Beginners Guide to Photo Shoot Location Scouting

A glamorous model, high-end camera equipment, and a beautiful concept, these are some things you need to have a flawless photograph.

But, the most critical part of any photo shoot is choosing the right location, and this is indeed an important step on the road to a perfect and successful shoot. You might have a terrible shoot experience, and you promise yourself never to let it happen again. But there is one kind of preparedness you might not have even thought of. And this is scouting locations for your shoot, a vital pre-production phase that will help you overcome almost any test when you shoot in the field.

Beginners Guide to Photo Shoot Location Scouting - Shootfactory

Scouting the Perfect Shoot Location

1. Create Your Story

Select a site that meets the required setting of your concept. This is the ultimate rule of scouting a location. As you go to evaluate areas, you’ll probably face innumerable possibilities such as historic landmarks, unique buildings, natural landscapes, metropolitan areas, and waterfront settings. But, remember that above all these, you have a story to tell. Choose a site that lends itself to the concept you want to produce and never be limited by your locations. Sites are merely raw materials. You have to understand what the script requires before you can choose a suitable location.

2. Know Proper Timing

Be reminded that sites can change. So it is wise to check your chosen spot on a certain day of the week as well as the time of the day that you plan to do your shoot. These factors can generate surprisingly great changes on the aptness of a location. Volume of tourists to entertainment and recreation areas and weather conditions of locations may differ dramatically based on the time and day of the week.

3. Check Light Sources

Enclosed locations such as houses, restaurants, auditoriums, museums, and churches generally have low extents of available lighting. Examine brightness levels by taking a few shots. Opening curtains and window blinds adds daylight and may help enhance lighting. In some instances, you may consider to use professional lighting equipment or ask consent to change the bulbs in nearby light units with brighter-burning fixtures.

4. Use Natural Brightness

Natural lighting settings may also be as challenging as the indoors since exterior brightness varies all day long. As you’re looking for locations, check whether a certain spot is in full or partial sun or shade. Bright sun may damage the model’s skin and face. Light-coloured surfaces in full sunlight may cause automatic cameras lenses to under-expose shots. On the other hand, partial sun can be complicated as well. Eventually, you may discover or predict the days with the most consistent results.

5. Consider Natural Elements

Rain, sun, snow, wind, these natural factors may help or damage your shoot, depending on what you are anticipating to capture. It is important to check the weather forecast as you are scouting. Some cameras don’t like moist and rain, moisture from waterfalls, or salty beach air. Filthy lenses and salt or water inside the card reader may bring disaster. Cold weather can easily drain batteries. This is why you have to plan on how to keep your equipment warm.

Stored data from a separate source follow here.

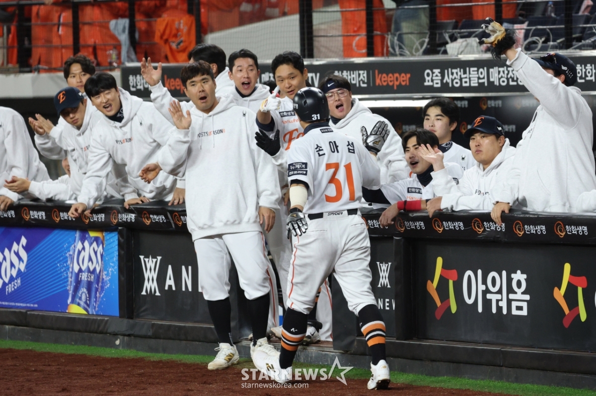 스포츠야구[포토] 손아섭 '돌아온 이글스 오빠'발행 : 2025.10.24 ・ 19:14대전=김진경 대기자2025 KBO리그 플레이오프 5차전 한화 이글스 대 삼성 라이온즈전이 24일 대전 한화생명 볼파크에서 열렸다.한화 1회말 1사 2,3루에서 3루주자 손아섭이 노시환의 적시타 때 선제 득점한 후 동료들의 환영을 받고 있다.<저작권자 © 스타뉴스, 무단전재 및 재배포 금지>브리핑요약 없이도 가볍게 읽으실 수 있는 짧은 뉴스입니다.추천 기사김진경 대기자기자홈좋아요스포츠-야구의 인기 급상승 뉴스스포츠-야구의 최신 뉴스
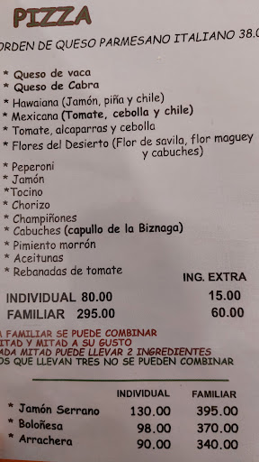 Read moreSu eslogan dice "Cocina Rústica Italiana" pero no cocinan en horno de leña, la masa de su pizza no sabe a una fermentación rústica no hay esas burbujas. El tomate de las pizzas no sabe a nada, tampoco el queso, pedí una hawaiana y la piña no sabia, fue decepcionante. Pedí una pizza que traía flores del desierto y esa sabía bien, nada espectacular solo que los sabores no son familiares ya que lleva cabuches, flor de maguey y flor de sábila por lo que le doy un 7 de calificación, casi no resultaban los sabores. También pedí una pasta carbonara y la salsa estaba demasiado aguada y sin sabor a esa pasta le doy un 5. La atención por parte del personal es buena, el lugar es pequeño pero creo que están sobre valorados, no es rústica para nada y la verdad que no están...
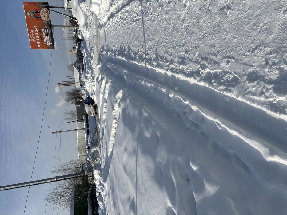 A snow-covered street scene. A billboard is visible on the left featuring food and Cyrillic text. Tracks run through the snow, indicating passage. Buildings and trees are visible on the left behind a fence. Power lines stretch across the sky. The sun is shining, casting shadows on the snow. A few parked cars can be seen.

Also, watch out when carrying cameras back into hot or warm interiors from the frosty outdoors as this can cause substantial amounts of dampness to condense inside both electronics and optics.

6. Evaluate Power Sources

A lot of outdoor sites are far from power supplies and even some inside locations can produce AC challenges. With this, multiple camera batteries are at all times a good idea. However, you still have to evaluate your electricity options at any area. In a location with power supplies, plugging in may be possible, but you still have to think about the pre-existing load of the system and whether you can reach the breaker box when something blows.

7. Secure Permission

You need to get permits and other legal consents to shoot at some locations. It is significant to conduct a legal reality check. A lot of property owners will be glad to accommodate you if you request, but if not, you have to choose another site.

8. Adequate Space

Make certain that there is enough space for you to set up your equipment. This is necessary so you will be able to achieve the shots you want. A small room may seem like a great location, but in the end you realise that there is not enough space to position all your gears. Large space like an auditorium or a church may have plenty of room, but roaming freely may not be probable. As you look for locations, validate that you can actually get to the spots you aim to shoot from.

9. Evaluate the Location

Check on communications such as cell phone reception or availability of a nearby pay phone. You also need to anticipate possible break down if you are driving a long way. It is also important to know if there is an available quick food stops or electronics store near the area.

10. Use a Location Library

Having a location library on speed dial is a good idea so you can reference it when you are planning to come up with a location to shoot a new concept. Online location library such like Shootfactory offers exciting locations. Just browse through all the location photos, and you are sure to find something that will work for you.

In your scouting trips for a shoot, you’ll come across countless remarkable locations; any of these will be exceptional and potentially important to you. Choosing the right location will definitely translate into perfect photos.